No, coming out e outing non sono sinonimi
Le lotte della comunità LGBT+ continuano imperterrite ed inarrestabili.
Sebbene il tema sia molto presente nelle discussioni odierne, si fa ancora confusione su ciò che concerne la vita di una bella fetta della popolazione mondiale.
Questo accade fin dalle basi della questione. Non è ancora chiara, infatti, nemmeno la differenza tra coming out e outing.
Molte persone utilizzano le due espressioni come fossero interscambiabili, come meri sinonimi.
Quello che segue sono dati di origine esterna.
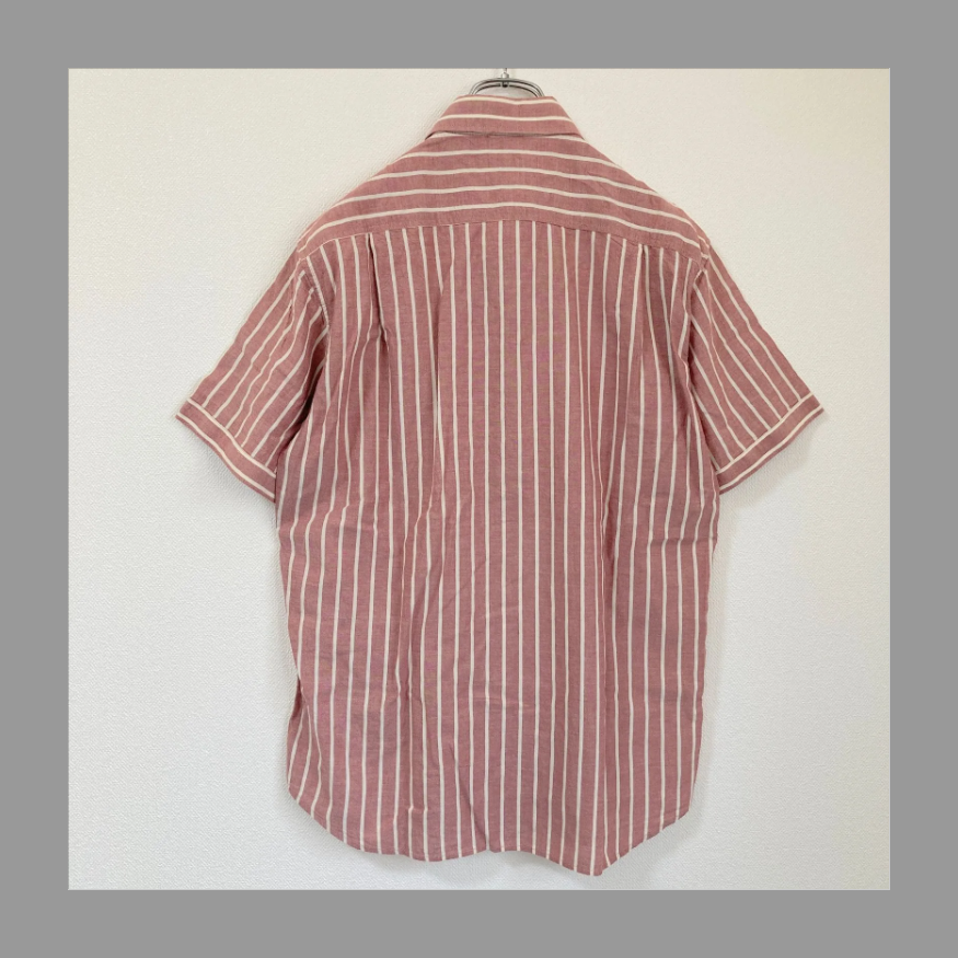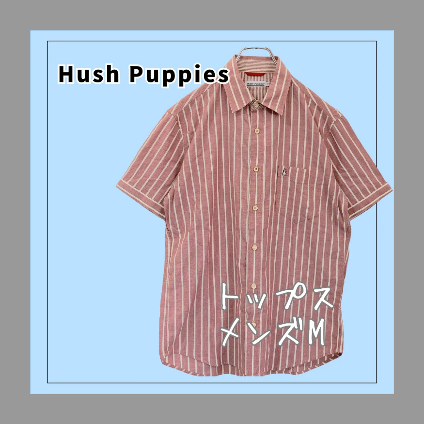 6765 ★ メンズ トップス シャツ 半袖 Hush Puppies M ストライプ柄 サーモンピンク オフホワイト USED 古着

Ciò che non sanno, però, è che la differenza tra le due può compromettere la vita degli appartenenti alla comunità queer.
Il coming out (dall’inglese “uscir fuori”) è la libera scelta che un membro della comunità LBGT+ decide di fare, rivelando la sua appartenenza al suddetto mondo agli altri, alla famiglia, agli amici, alle persone in generale.
L’outing (dall’inglese “esposto”), invece, è ciò che il soggetto subisce da un altro. L’outing avviene, perciò, quando un individuo decide di rivelare l’identità di genere o le preferenze sessuali di un’altra persona senza il permesso di quest’ultima.
Ne va da sè che, sebbene entrambe le azioni comportino come risultato l’esporre una verità, coming out e outing non siano per niente comparabili.
La prima è una decisione profondamente ponderata, razionalizzata e volontaria. Viene presa dopo aver valutato tutti i pro e i contro, successivamente all’aver considerato le differenze che l’esposizione potrebbe comportare nei confronti della propria vita e delle persone che ne fanno parte.
La seconda, invece, è una vera e propria violenza, una privazione di un momento catartico e fondamentale nella vita di un soggetto. Ma ancor più esporre un’altra persona significa lanciarla nel mondo senza paracadute, lasciandola alla mercé delle possibili irrispettosità altrui, delle quali la prima è l’outing stesso.